Muse: Simulation Theory

To read a record review that calls a Muse album “ridiculous” feels redundant. It is a Muse album therefore it is inherently ridiculous. What makes a Muse album good or bad is if they manage to incorporate their sci-fi themes without being cheesy, if they can contain their grandiosity so it sounds more like arena rock than Rush fan-fiction, and if they can write pop songs without sounding like they are pandering to the charts. Their last album, Drones, maybe showcased Muse at their worst; on their eighth album, Simulation Theory, the band attempts to correct that to varying success.

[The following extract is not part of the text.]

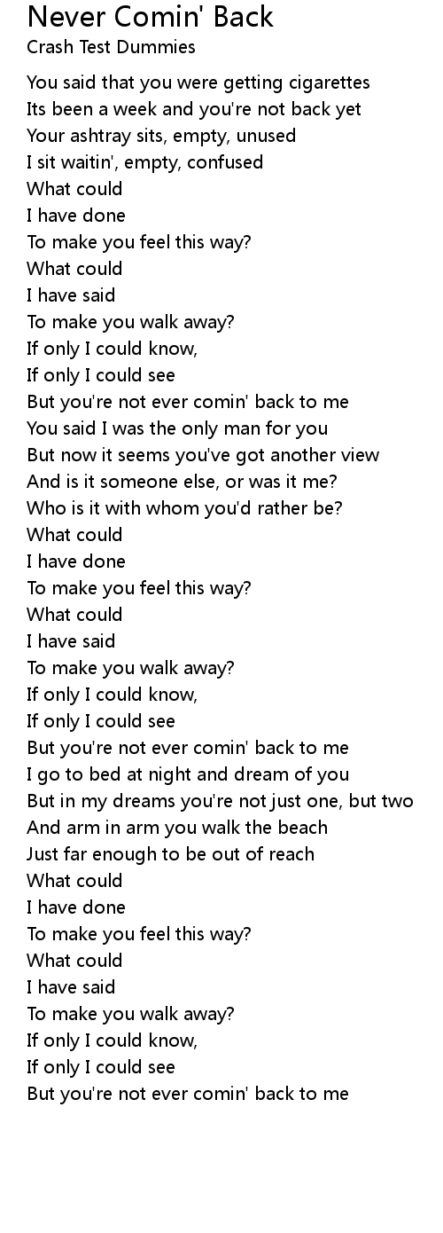 Never Comin' Back Lyrics
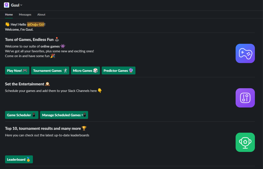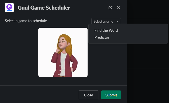 Find Guul App in your Slack Click on it and see the Home Page as follows Click to the “Game Scheduler 📱” section to schedule Company-wide Games. Choose your game from the dropdown menu. Select your game preferences and submit them to start engagement.

If you have paid attention to the parade of singles released leading up to the album, you have already heard the range of Muse pop songs and pure attempts at chart-topping. “Thought Contagion,” the highest charting single from the album, is the band at their most poppy and least Muse-y. The hand-clapped beat of the verses give way to a chorus that sounds more like Imagine Dragon than anything Muse has ever done; it ends up feeling aspartame sweet which is saying something considering other tracks on the album are co-written by pop royalty like Timbaland and Shellback who most recently co-wrote nine songs on Taylor Swift‘s Reputation.

On the other hand, “The Dark Side” shows restraint in not losing what has made Muse. With greater commitment to guitar work and an 80s vibe that matches the album’s Stranger Things-esque cover, the song harkens back to Absolution-era Muse. “Pressure” is similarly guitar-driven but a little poppier; it should still appeals to fans of Muse’s earlier work.

There are a couple songs that really make you wonder what Muse are thinking. Closing track, “The Void” sounds like 80’s video game music until a piano-ballad breaks out a minute before the song ends. The track still works on some level unlike the Timbaland produced “Propaganda” which sounds somewhere in between Queen and Prince before some acoustic slide guitar completely breaks that vibe.

Despite the failed experimentations and a few overly sweet chart-grabs, Simulation Theory has enough high points to vault it to “the best Muse record of this decade” status. Granted the bar was not set too high by Drones and the 2nd Law, Simulation Theory should appease both Muse fans of old as well as continue to grow their legions.